We started off with James staunchly refusing to recognise the difference between a blunt rib and a slab, but once he'd overcome this he led the pleasant, if rather eliminate Don't Birch The Doc, although he lost man points for a lack of moral fortitude in using the arete near the top. Being the bastion of morality that I am I atoned for his sins with an ethically clean ascent. Then I led a pointless little arete and followed James up another pleasant slabby HVS.

After this we felt inspired for a little bit of adventure, so we headed leftwards into the mythical Rivelin Quarries. They turned out to be a bit less cack than I was expecting, with a fair number of quite impressive lines. Admittedly most of them were E6s, but they did look good. There was also the legendary Rhododendron Crack. It looked awesome, but sadly I'd left the big bro and secateurs at home, so it will have to wait for another day...
Behold the infinite majesty of Rhododendron Crack. Ooooh.

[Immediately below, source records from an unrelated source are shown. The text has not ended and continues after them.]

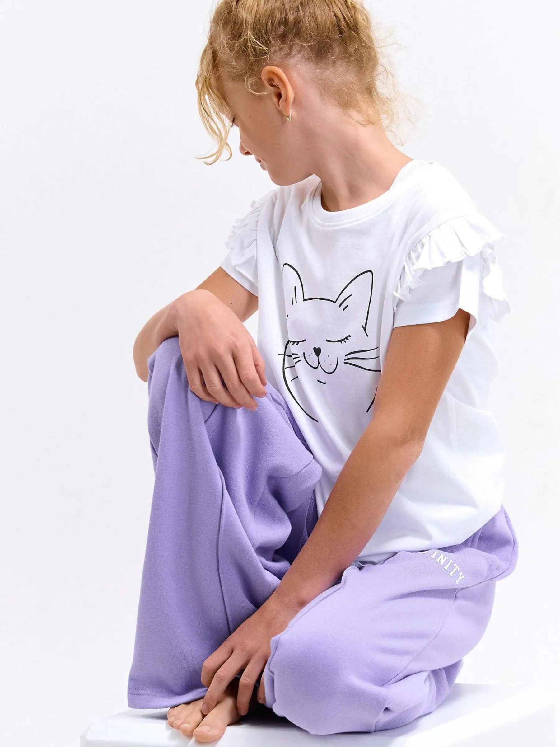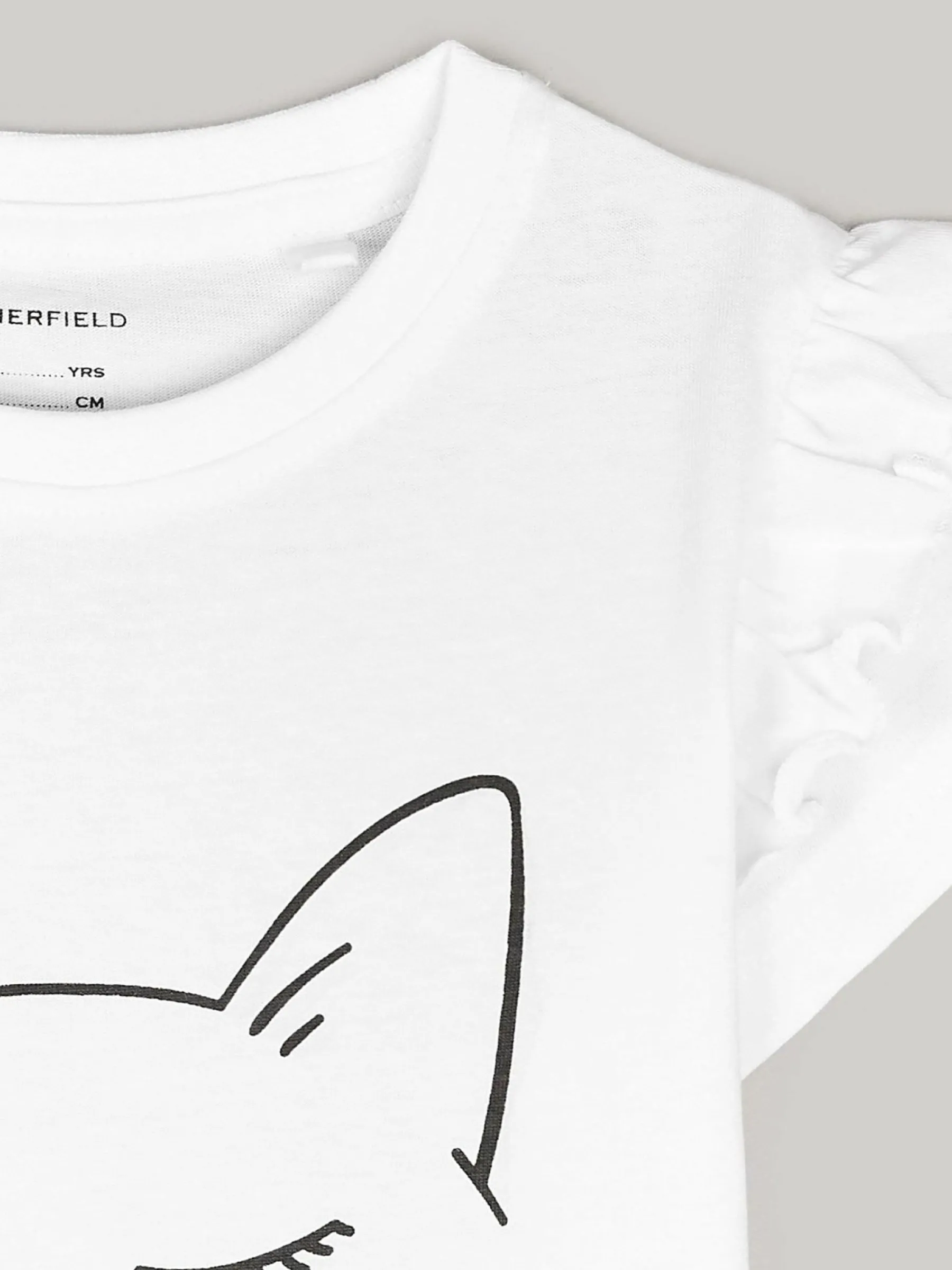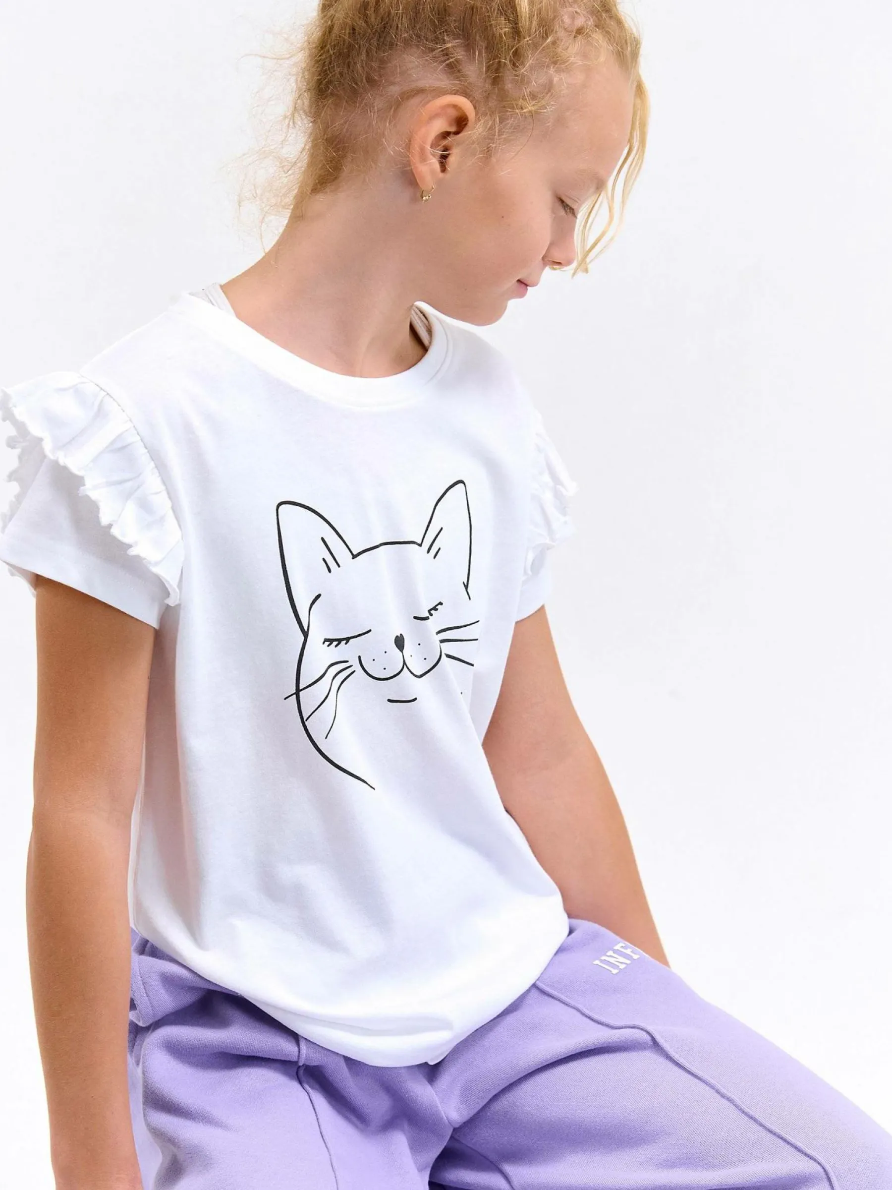 Kolor: białyKrój: z falbanąTyp: koszulkaRekaw: krótki rękawDługość: krótkiPattern style: z nadrukiemDetal: nad …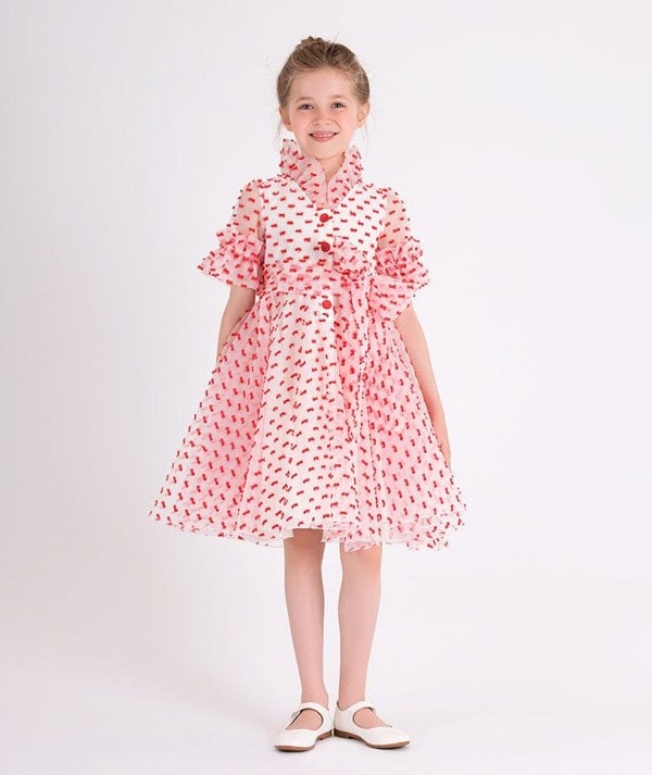 This girls flared dot dress from Mama Luma takes inspiration from a bygone era. It is made with an organza base and finished with exaggerated frills and a bobbled red bow pattern. A tie-up waist and elasticated cuffs complete the silhouette, while front button fastening keeps the look clean and structured.
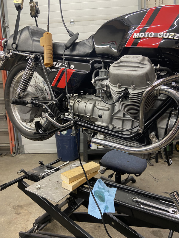 The front wheel was strapped down into the lift table wheel chock, rear end hanging from overhead crane. I have to admit not being comfortable holding a 3/8” drill with a 12.5mm bit cutting into the aluminum transmission case! Very slow drilling and the bike remained steady. I ran a litre of lube through the case to make sure I got any swarf out. Sure would have been easier with the transmission out of the bike but this was worth a try. I think for most similar types of thread repair I am going to use these inserts, I have mixed luck with helicoils where the fasteners are repeatedly removed.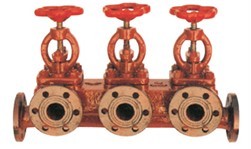 船舶系统中常有很多分支管路,为了简化控制和管理方便,常将几个阀并置而成一个阀箱,这在舱底系统中较为常见。图为普通的具有截止一止回阀门的三阀阀箱,这种阀箱由一根干管连接几个支管,能同时由各支管将液体吸入干管或个别吸入,当所有阀门关闭时,液体沿干管流动。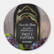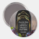 A rustic background fits well into a vineyard or winery themed wedding. A bottle of wine sits in front of a weathered rustic wine barrel with wine grapes and leaves around it on this save the date magnet. The information prints on the label itself. Available with matching products.

I consoled myself with the prospect of a new crag point, and led off up one of the few dry lower grade lines. Woozle Direct even had a star. It was ill deserved. Pushy, unprotected climbing followed by some hollow holds and then some wetness (I lied about it being dry). Luckily there was some proper gear halfway up. Unluckily there was some vegetable interest on the top out. Boo.
Is this the bit that gets the star?
It started to spit at this stage, but the youth was undeterred and got wrestling with the unprotected start of a nice, but bold looking E1. It turned out to be very nice, but really quite bold. Allegedly it used to be E2 and I can see why. A good lead from young James. I was all set to give the adjacent HVS a go when the heavens opened, so we skulked off back home. Not a bad little sojourn into the undergrowth. I will be back. With big cams. And some agent orange.